In Nvidia’s defense, the problem was extremely complex and technical in nature. There wasn’t a single problem, it was a cascading series of failures, but one that could have easily been caught if Nvidia actually did the thermal testing required for any IC this complex. Intel, AMD and ATI all tested, and they didn’t have similar field failures.
Before you give the company a pass on either not knowing or not understanding the problem, that simply isn’t the case. After months of digging, it has come to our attention that the whole Bumpgate problem was first noticed by HP in January of 2007. At the time, it was just a blip on the warranty claims system, but HP being HP, an investigation was quickly started. Lone blips became more and more common, problematic and expensive, and soon HP had a full blown problem on their hands.
It all culminated in a report that SemiAcccurate has never seen, but has good reason to believe exists. We were told that by the fall of 2007, HP had root caused the problem to cracking bumps in Nvidia chips, and gone into great detail as to why it was happening. We are also lead to believe Dell, and several other OEMs had similar investigations and reports. We are told it says much the same thing as the three part series above.
So, what is going wrong? In a three part story originally published by the author on another site (updated and republished here, here and here) the failure chain was detailed. The overarching idea is simple, Nvidia picked the wrong material and did not test the end result thoroughly, if they tested at all. Simple thermal cycle testing would have found this problem, so it is unlikely that Nvidia did even that.
The materials at the heart of the problem were the underfill and the bumps, hence the term Bumpgate. Bumps are the small, approximately 100 microns in diameter, balls of solder that connect the chip to the green PCB package, and carry all the power and data to and from the silicon itself. Underfill is the epoxy-like substance that is put around the bumps to protect them from moisture and contamination.
For the purposes of this story, underfill has one critical property, Tg, or temperature of glassification. Glassification is a fancy word for something that is like melting, but instead of going from a solid to a liquid, underfill goes from a solid to essentially a gelatin. Once you hit Tg, the underfill rapidly loses almost all it’s mechanical strength, sometimes ending up at less than 10% of it’s original stiffness.
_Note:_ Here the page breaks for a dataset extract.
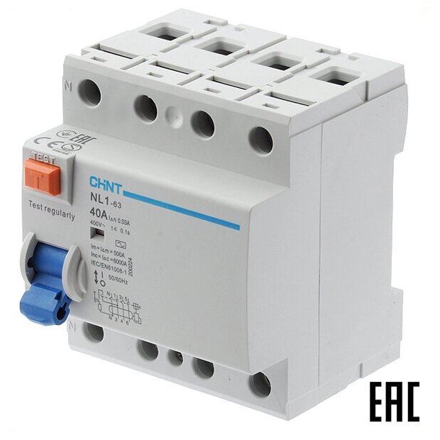 УЗО CHINT NL1-63 6kA 4P 30mA тип AC, 40 А, 30 мА, 4 полюса

In addition to protecting the bumps from moisture and contamination, underfill also provides mechanical support for the silicon slab that is the chip itself. When a chip heats up, it expands, and hot spots expand more than cool ones, creating mechanical strain on the bumps. Underfill supports the bumps, and relieves some of the stress on them. The stiffer underfill you use, the more stress it absorbs.
If you use too soft an underfill, it doesn’t absorb much stress, and the bumps break. If you make it too stiff, the strain is transferred to the chip itself, especially the fragile passivation layers on top, killing the chip in very short order, usually upon first power up. The engineering magic is to play Goldilocks and find an underfill that is not too hard and not too soft, but just right, basically Mama Bear’s underfill.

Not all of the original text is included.